Student Peacebuilder’s Forum Educates On Genocide

The Student Peacebuilder’s Forum on Wednesday, Sept. 10 was hosted by Rachel Milner, who founded Bellwether International in 2019 in London. Milner started her anti-genocide work in Iraq with the Yazidi’s, and started Bellwether International with a grant provided to her by a family foundation. Naming the organization after a bellwether of a sheep’s flock, or a sheep that had a bell around its neck to indicate where the flock was to a shepherd, was an intentional choice because Bellwethers, Milner states, are “leaders in genocide resistance.”

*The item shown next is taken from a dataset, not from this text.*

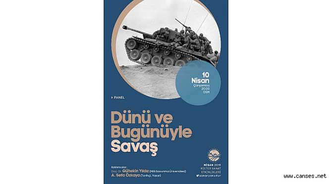 Sakarya Büyükşehir Belediyesi Nisan Kültür Sanat Etkinlikleri ‘Dünü ve Bugünüyle Savaş’ paneliyle devam edecek. Kültür ve Sosyal İşler Dairesi Başkanlığı’ndan yapılan açıklamada, “Nisan Kültür Sanat Etkinliklerimiz 10 Nisan Çarşamba günü ‘Dünü ve Bugünüyle Savaş’ paneli ile devam edecek. OSM’de gerçekleştirilecek programa Doç. Dr. Gültekin Yıldız ve Tarihçi Yazar Sefa Özkaya konuşmacı olarak katılacak. 20.00’da başlayacak etkinliğe tüm kültür sanat dostları davetlidir” ifadelerine yer verildi.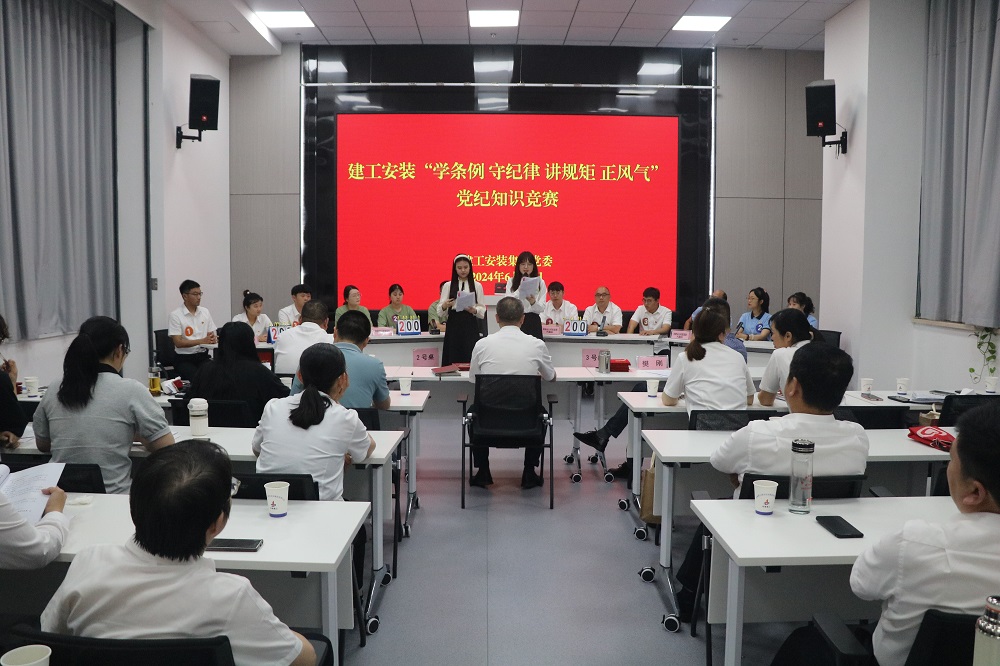 6月27日下午,建工安裝集團舉辦“學(xué)條例 守紀(jì)律 講規(guī)矩 正風(fēng)氣”黨紀(jì)知識競賽。公司黨委委員、紀(jì)委書記李楊,黨委委員、副總經(jīng)理董雙武,黨委委員、副總經(jīng)理樊剛出席活動,各黨支部書記、機關(guān)部門負責(zé)人以及參賽選手等40余人參加活動。

At this forum, groups of students were taught how to spot genocide and how to stop them. Rachel Milner quoted a definition from the Genocide Convention from 1948, hosted in France, that presented a definition of genocide. The points were that genocide consisted of “Killing members of the group; causing serious bodily harm or mental harm to members of the group; deliberately inflicting on the group conditions of like calculated to bring about its physical destruction in whole or in part; imposing measures intended to prevent births within the group; and forcibly transferring children of the group to another group,” she also stated that people in a “national, ethnic, racial or religious group were the main targets of genocide.”

Notably, during discussion, students noted flaws in this 1948 definition, highlighting that genocide could also be seen by erasing past history of the group, and that LGBT and disabled people were of the groups affected primarily by genocide.

With these descriptions and newfound definition added onto with the help of the students during this forum, she urged students to discuss how to prevent genocide further. In groups, participants spoke out stating that respect to others was needed most, alongside anti-genocide messaging, as well as looking past your own bubble to see where your sphere of influence can be helpful.

Furthermore, in these discussions, students also got to learn that there were genocides that they have never heard of, letting their sphere of influence grow further after this peace-building forum. Milner stated at the end of this that students should strive to be “like a bellwether” and continue to grow as leaders in the anti-genocide movement.